Have You Ever Crossed the Desert in a Circus Train?
There is something I would like to share with you—I love detours. This information you won’t find in the long or short version of my life, but there is a clue in the title of my first memoir: Detour on an Elephant, A Year Dancing with the Greatest Show on Earth. I’m not talking about the detour you find on roads and highways, though sometimes going off course will produce a new discovery, like a fabulous restaurant or a breathtaking scenic view. Metaphorically speaking it is a life detour—the kind that comes about by accident, choice, or circumstances that one has no control over. Have you ever crossed the desert in a circus train? I took such a detour—by choice— in 1978 when I hung up my pointe shoes to ride an elephant named Peggy. We toured all over the U.S. with Ringling Bros. & Barnum and Bailey Circus for one year in a circus train. She carried me on her mighty shoulders in huge arenas with thousands of spectators cheering. Our pas de deux was performed during 650 shows in 25 cities. After a year, I left my circus detour and returned to the main highway—classical ballet—my lifetime calling.
One profound memory I have of that year was crossing the desert in a circus train—my two-mile-long home with performers, clowns, exotic animals, and a dare-devil’s rocket ship.

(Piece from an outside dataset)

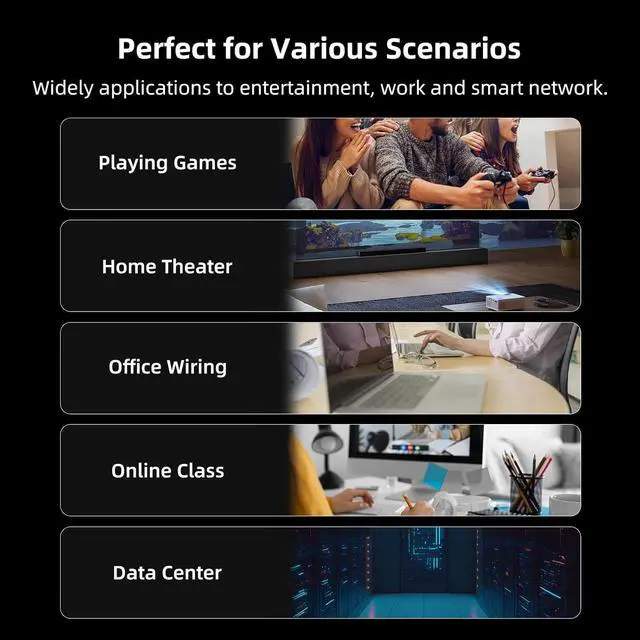 Universal Connectivity: Compatible with all devices with Ethernet ports, including computers, laptops, routers, switches, hubs, game consoles, printers, etc. It is suitable for a variety of scenarios such as home entertainment, office network, and smart home system to improve the overall network experience.

I remember the colors—cans of paint—shocking yellows and vibrant purples—seemed to have fallen from the sky and been bleached by the desert sands….the copper colors, followed by the fiery reds that signaled the sunset….As an artist, I felt the colors, the lights, and the changes of the shadows.
The circus train was a traveling city that never put down roots. I lived in a clown car—all my neighbors were clowns and I was the only showgirl/dancer. In the corridor of our car I could hear the soft guitar strings of a silent clown creating background music to the scene before me. Then like a curtain coming down on a performance, darkness fell outside. Usually, I cooked a stew in a big crock pot on the floor. Dinner was ready—the whole clown car and then some were fed that night. One dear friend decided to be helpful and wash the dishes later. Unfortunately, while eliminating the sink water, all the tableware went down the drain and was left behind on the train track! (from Detour on an Elephant)

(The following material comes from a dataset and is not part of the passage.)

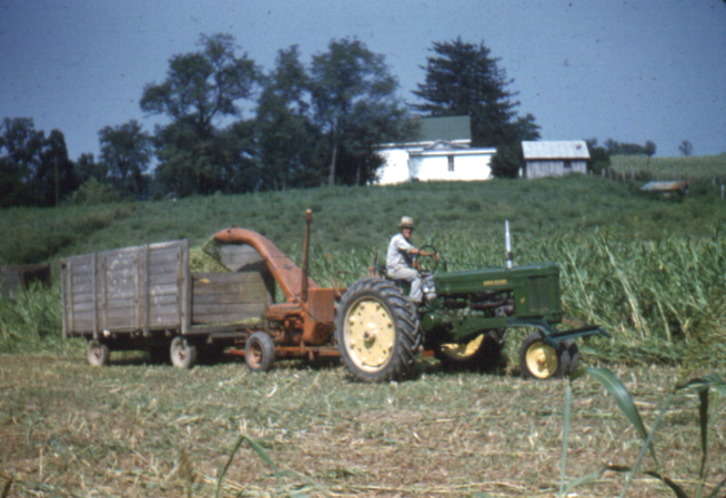 Making silage at Ernest Bond's farm on Broad Run. This was the final stage of the technology, using a forage harvester and putting it in the silo with a blower. This could be done by two or three men.

Fast forward forty years. I traveled to the desert to study the life of the ballerina Marta Becket—the research funded by the University of Oklahoma. I packed my husband and two dogs into an air conditioned van, and we drove from the plains of Oklahoma to the desert of Nevada. I had warned my husband Gianni that the loneliness of the desert would seep into his soul, but only when he experienced it for the first time did he believe me. I realized at that moment the depth of Becket’s decision to remain there forever.
Arriving at our destination, I found that the service station where Marta’s car was repaired (on her way to a dance engagement in California fifty years ago) was permanently abandoned. From here I looked at the small Amargosa Opera House and imagined her thoughts—a revelation— she had found her home. An involuntary detour changed the course of her life. I could see a tiny one story hotel with a few rooms situated at the far end of the opera house. A series of run down storefronts connected them in an L-shape form. A guide from the hotel took us for a tour of the closed theater. The chill inside was a surprise after the extreme heat, but in January the nights are cold in the desert and it remained in the theater. A round stove on the side of the audience kept the artist and public warm during her nighttime performances. But who came to see her dance in the desert back then?
The walls and ceiling of the theater were covered with art. Marta Becket had no audience so she painted them. Art observed art every night at the opera house. I couldn’t imagine how she painted for hours in the desert heat every day to achieve this masterpiece. On this particular winter day we were the only visitors, but over the years people from all over the world have come to visit her temple of art and see her performance. Now there was a haunted atmosphere to the place which seemed to be confirmed by one of my chihuahuas who kept crying.
Before leaving, I asked the guide who knew Marta. Did she ever say why she decided to spend the rest of her life here in the desert? The guide thought and then answered; “She didn’t want anyone to tell her what to do.” It seemed extreme to endure such hardships for artistic freedom but I came to understand this choice. I sat outside the opera house at a little table with two chairs and imagined what I would say to her. Marta died the year before at the age of 94. Maybe we could have exchanged stories about the desert, detours, and inspiration.
My advice is to savor your detours, and like the desert—let them inspire you. If you happen to pass through Death Valley be sure to visit the legacy of Marta Becket, the Amargosa Opera House. Every night the spirit of Marta Becket dances in this lonely, mysterious place. The same spectators applaud her year after year frozen in time on the walls of the theater. And, for the adventurous—there is a train track that crosses the desert where rusty dinnerware is still waiting to be recovered—a relic to the days when the circus train traveled the desert. Both are symbolic of the hopes and dreams of two ballet dancers from the Bronx that took a detour.